Apulia, Lecce and Vieste - Undiscovered Italy
10:26–13:34 Cleethorpes–Manchester Airport
16:00–20:10 Ryanair FR8894 Manchester Airport–Brindisi Airport
Hilton Garden Inn, Lecce


On arrival at the airport, please go to the appropriate check-in desk or baggage drop.
It is recommended that you check in two hours before departure and then proceed through emigration and passport control into the departure lounge. Here you will find bars, restaurants and shops selling everything you are likely to need whilst on holiday.

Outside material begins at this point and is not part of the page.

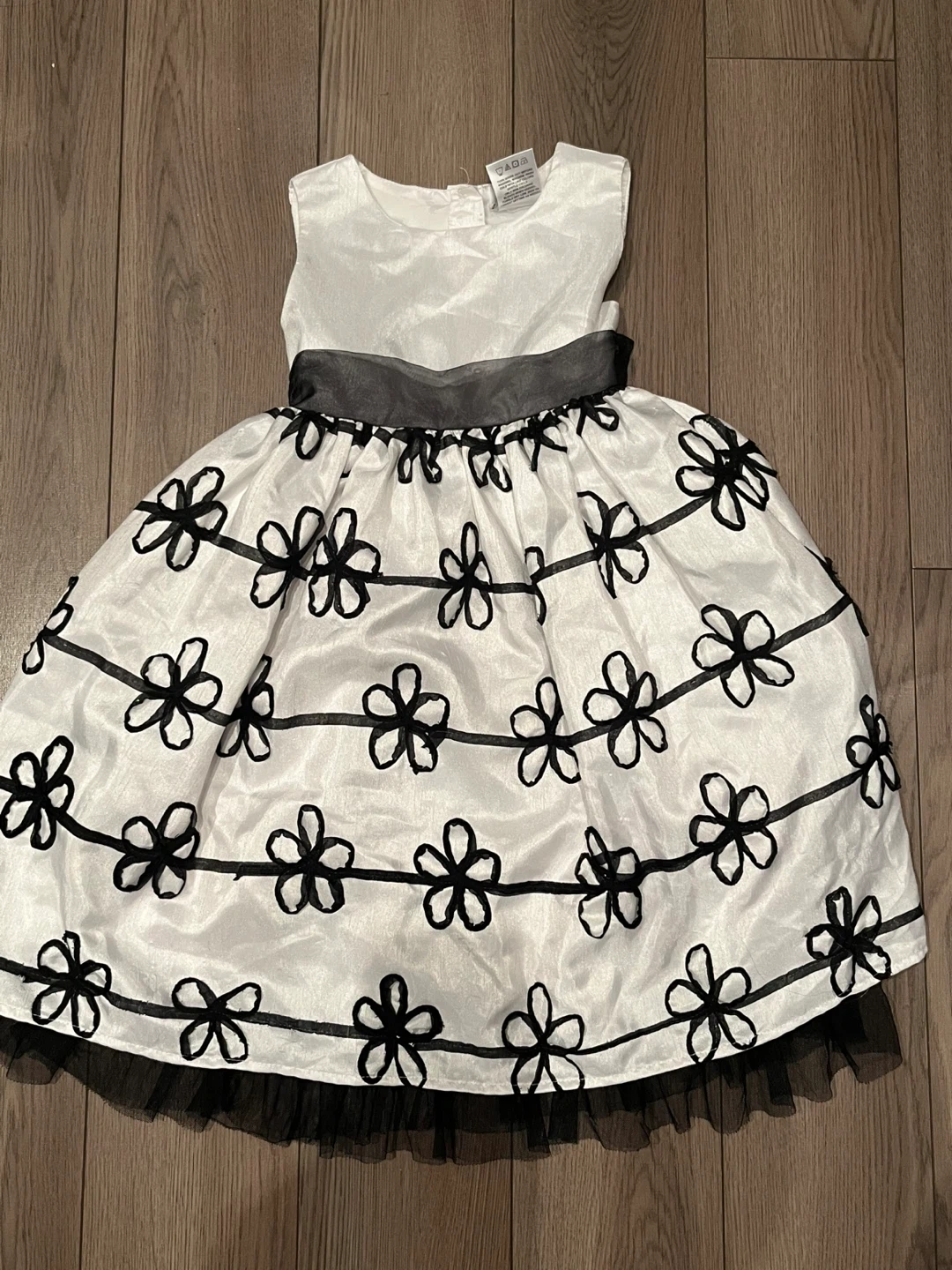 31A lovely dress for a little girl! This white dress features a black floral pattern and a black ribbon around the waist. It's size 5 and made with lining of polyester. Perfect for parties or special occasions! Pick up at Brow of the Hill near 10th and Royal, New Westminster. Check out my other listings!

The gate number and boarding instructions are clearly displayed on television screens throughout the Terminal. Please comply with these instructions, as announcements may not be made. The general level of security at airports has been increased in line with the Department of Transport directives. Wherever possible you should pack liquids in your hold baggage, as there are restrictions on the amount you can take in your hand luggage. All liquids, gels and pastes are limited to a maximum quantity of 100ml and must be carried in a single, transparent, re-sealable plastic bag. This must be presented separately for inspection at the airport security point. All sharp implements should be packed in your suitcase.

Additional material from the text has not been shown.